Task to complete => Retype the records exactly.

---------- Study material

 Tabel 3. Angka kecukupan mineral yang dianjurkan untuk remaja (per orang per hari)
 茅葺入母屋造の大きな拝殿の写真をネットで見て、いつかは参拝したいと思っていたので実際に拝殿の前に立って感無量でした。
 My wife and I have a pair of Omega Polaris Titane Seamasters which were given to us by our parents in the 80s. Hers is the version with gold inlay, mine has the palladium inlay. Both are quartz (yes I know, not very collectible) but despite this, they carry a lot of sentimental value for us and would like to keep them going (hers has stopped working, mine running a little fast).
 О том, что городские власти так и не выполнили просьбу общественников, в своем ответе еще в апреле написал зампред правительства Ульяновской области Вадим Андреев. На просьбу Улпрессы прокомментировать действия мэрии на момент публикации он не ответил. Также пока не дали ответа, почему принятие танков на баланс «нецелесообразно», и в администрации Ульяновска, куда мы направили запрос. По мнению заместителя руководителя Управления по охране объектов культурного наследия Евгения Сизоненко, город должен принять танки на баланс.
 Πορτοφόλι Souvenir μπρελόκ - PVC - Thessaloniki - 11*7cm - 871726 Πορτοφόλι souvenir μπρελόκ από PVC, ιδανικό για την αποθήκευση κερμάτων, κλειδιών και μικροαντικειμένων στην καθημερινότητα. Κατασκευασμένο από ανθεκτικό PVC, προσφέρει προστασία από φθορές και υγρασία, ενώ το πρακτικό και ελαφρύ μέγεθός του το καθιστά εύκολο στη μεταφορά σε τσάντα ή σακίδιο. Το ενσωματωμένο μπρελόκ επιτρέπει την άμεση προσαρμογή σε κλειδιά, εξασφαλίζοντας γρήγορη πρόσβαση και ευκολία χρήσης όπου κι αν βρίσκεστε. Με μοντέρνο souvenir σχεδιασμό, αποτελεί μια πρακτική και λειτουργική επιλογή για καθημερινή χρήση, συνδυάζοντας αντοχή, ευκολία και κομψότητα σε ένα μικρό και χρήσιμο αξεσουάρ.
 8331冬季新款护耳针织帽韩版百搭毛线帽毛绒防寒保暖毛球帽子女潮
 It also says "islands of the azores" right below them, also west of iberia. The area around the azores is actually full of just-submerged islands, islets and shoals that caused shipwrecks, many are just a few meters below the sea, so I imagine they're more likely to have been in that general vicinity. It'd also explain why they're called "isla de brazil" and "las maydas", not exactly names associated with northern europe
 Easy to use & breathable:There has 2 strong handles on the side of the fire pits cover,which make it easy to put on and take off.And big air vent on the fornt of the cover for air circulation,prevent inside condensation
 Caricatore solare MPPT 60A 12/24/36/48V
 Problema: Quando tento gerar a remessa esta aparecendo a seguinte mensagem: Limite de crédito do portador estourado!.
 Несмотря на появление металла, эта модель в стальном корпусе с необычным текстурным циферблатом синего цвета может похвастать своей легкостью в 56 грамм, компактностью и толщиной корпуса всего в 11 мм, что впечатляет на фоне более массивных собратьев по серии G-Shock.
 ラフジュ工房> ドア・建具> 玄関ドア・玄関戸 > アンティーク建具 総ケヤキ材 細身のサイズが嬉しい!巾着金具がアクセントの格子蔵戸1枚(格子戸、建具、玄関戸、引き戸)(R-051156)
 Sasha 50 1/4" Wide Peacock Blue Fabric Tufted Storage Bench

--------------------

Answer space =>
 Tabel 3. Angka kecukupan mineral yang dianjurkan untuk remaja (per orang per hari)
 茅葺入母屋造の大きな拝殿の写真をネットで見て、いつかは参拝したいと思っていたので実際に拝殿の前に立って感無量でした。
 My wife and I have a pair of Omega Polaris Titane Seamasters which were given to us by our parents in the 80s. Hers is the version with gold inlay, mine has the palladium inlay. Both are quartz (yes I know, not very collectible) but despite this, they carry a lot of sentimental value for us and would like to keep them going (hers has stopped working, mine running a little fast).
 О том, что городские власти так и не выполнили просьбу общественников, в своем ответе еще в апреле написал зампред правительства Ульяновской области Вадим Андреев. На просьбу Улпрессы прокомментировать действия мэрии на момент публикации он не ответил. Также пока не дали ответа, почему принятие танков на баланс «нецелесообразно», и в администрации Ульяновска, куда мы направили запрос. По мнению заместителя руководителя Управления по охране объектов культурного наследия Евгения Сизоненко, город должен принять танки на баланс.
 Πορτοφόλι Souvenir μπρελόκ - PVC - Thessaloniki - 11*7cm - 871726 Πορτοφόλι souvenir μπρελόκ από PVC, ιδανικό για την αποθήκευση κερμάτων, κλειδιών και μικροαντικειμένων στην καθημερινότητα. Κατασκευασμένο από ανθεκτικό PVC, προσφέρει προστασία από φθορές και υγρασία, ενώ το πρακτικό και ελαφρύ μέγεθός του το καθιστά εύκολο στη μεταφορά σε τσάντα ή σακίδιο. Το ενσωματωμένο μπρελόκ επιτρέπει την άμεση προσαρμογή σε κλειδιά, εξασφαλίζοντας γρήγορη πρόσβαση και ευκολία χρήσης όπου κι αν βρίσκεστε. Με μοντέρνο souvenir σχεδιασμό, αποτελεί μια πρακτική και λειτουργική επιλογή για καθημερινή χρήση, συνδυάζοντας αντοχή, ευκολία και κομψότητα σε ένα μικρό και χρήσιμο αξεσουάρ.
 8331冬季新款护耳针织帽韩版百搭毛线帽毛绒防寒保暖毛球帽子女潮
 It also says "islands of the azores" right below them, also west of iberia. The area around the azores is actually full of just-submerged islands, islets and shoals that caused shipwrecks, many are just a few meters below the sea, so I imagine they're more likely to have been in that general vicinity. It'd also explain why they're called "isla de brazil" and "las maydas", not exactly names associated with northern europe
 Easy to use & breathable:There has 2 strong handles on the side of the fire pits cover,which make it easy to put on and take off.And big air vent on the fornt of the cover for air circulation,prevent inside condensation
 Caricatore solare MPPT 60A 12/24/36/48V
 Problema: Quando tento gerar a remessa esta aparecendo a seguinte mensagem: Limite de crédito do portador estourado!.
 Несмотря на появление металла, эта модель в стальном корпусе с необычным текстурным циферблатом синего цвета может похвастать своей легкостью в 56 грамм, компактностью и толщиной корпуса всего в 11 мм, что впечатляет на фоне более массивных собратьев по серии G-Shock.
 ラフジュ工房> ドア・建具> 玄関ドア・玄関戸 > アンティーク建具 総ケヤキ材 細身のサイズが嬉しい!巾着金具がアクセントの格子蔵戸1枚(格子戸、建具、玄関戸、引き戸)(R-051156)
 Sasha 50 1/4" Wide Peacock Blue Fabric Tufted Storage Bench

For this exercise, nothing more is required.